* WHAT YOU SHOULD DO: What you return should be every line below, word for word, and none of the images.

Top of DATA BELOW

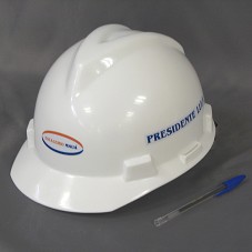 CAPACETE DE PROTEÇÃO, UTILIZADO EM CONSTRUÇÃO CIVIL, NA COR BRANCA. NAS LATERAIS, ETIQUETA COM A INSCRIÇÃO 'PRESIDENTE LULA'. NA FRENTE, 'ESTALEIRO MAUÁ'.
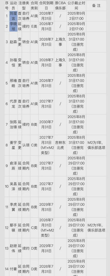 北京时间9月1日,随着CBA新赛季注册窗口期关闭,辽宁男篮也最新公布了新赛季成功注册的14人名单,赵继伟和付豪是D类顶薪,鄢手骐和姜宇星是C类合同,俞泽辰吴昌泽李虎翼以及张陈治锋都是B类合同,老将李晓旭以一年E类合同成功续约,剩下的都是一些新人。单看纸面阵容实力,辽宁男篮能勉强冲击季后赛,但想要夺冠如同天方夜谭。
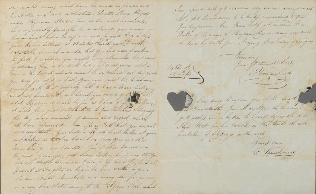 The State, however, dismissed the Badham/Rogers application. Elizabeth had listed herself as ‘married’ when arriving in the Colony, now she was claiming to be widowed. A letter from Elizabeth’s aunt, Mrs Vanderburg notifying the young woman that her London-based husband was ‘no longer’—thus confirming her status as a widow—was rejected as a falsehood by authorities. This was unsurprising given that aunt Vanderburg’s letter from ‘London’ had, in fact, been postmarked in Sydney. Undeterred, the couple soon reapplied, and were married six months later at St Luke’s, Liverpool.
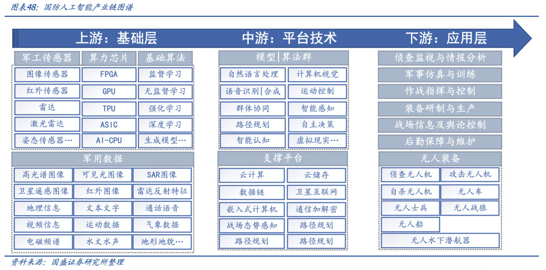 根据产业链划分,国防人工智能可分为上游基础层、中游平台技术层、下游应用层三大层级。上游先受益,中游技术颠覆性强,下游应用空间大。

Bottom of DATA BELOW

* ANSWER FOR THIS EXERCISE:
 CAPACETE DE PROTEÇÃO, UTILIZADO EM CONSTRUÇÃO CIVIL, NA COR BRANCA. NAS LATERAIS, ETIQUETA COM A INSCRIÇÃO 'PRESIDENTE LULA'. NA FRENTE, 'ESTALEIRO MAUÁ'.
 北京时间9月1日,随着CBA新赛季注册窗口期关闭,辽宁男篮也最新公布了新赛季成功注册的14人名单,赵继伟和付豪是D类顶薪,鄢手骐和姜宇星是C类合同,俞泽辰吴昌泽李虎翼以及张陈治锋都是B类合同,老将李晓旭以一年E类合同成功续约,剩下的都是一些新人。单看纸面阵容实力,辽宁男篮能勉强冲击季后赛,但想要夺冠如同天方夜谭。
 The State, however, dismissed the Badham/Rogers application. Elizabeth had listed herself as ‘married’ when arriving in the Colony, now she was claiming to be widowed. A letter from Elizabeth’s aunt, Mrs Vanderburg notifying the young woman that her London-based husband was ‘no longer’—thus confirming her status as a widow—was rejected as a falsehood by authorities. This was unsurprising given that aunt Vanderburg’s letter from ‘London’ had, in fact, been postmarked in Sydney. Undeterred, the couple soon reapplied, and were married six months later at St Luke’s, Liverpool.
 根据产业链划分,国防人工智能可分为上游基础层、中游平台技术层、下游应用层三大层级。上游先受益,中游技术颠覆性强,下游应用空间大。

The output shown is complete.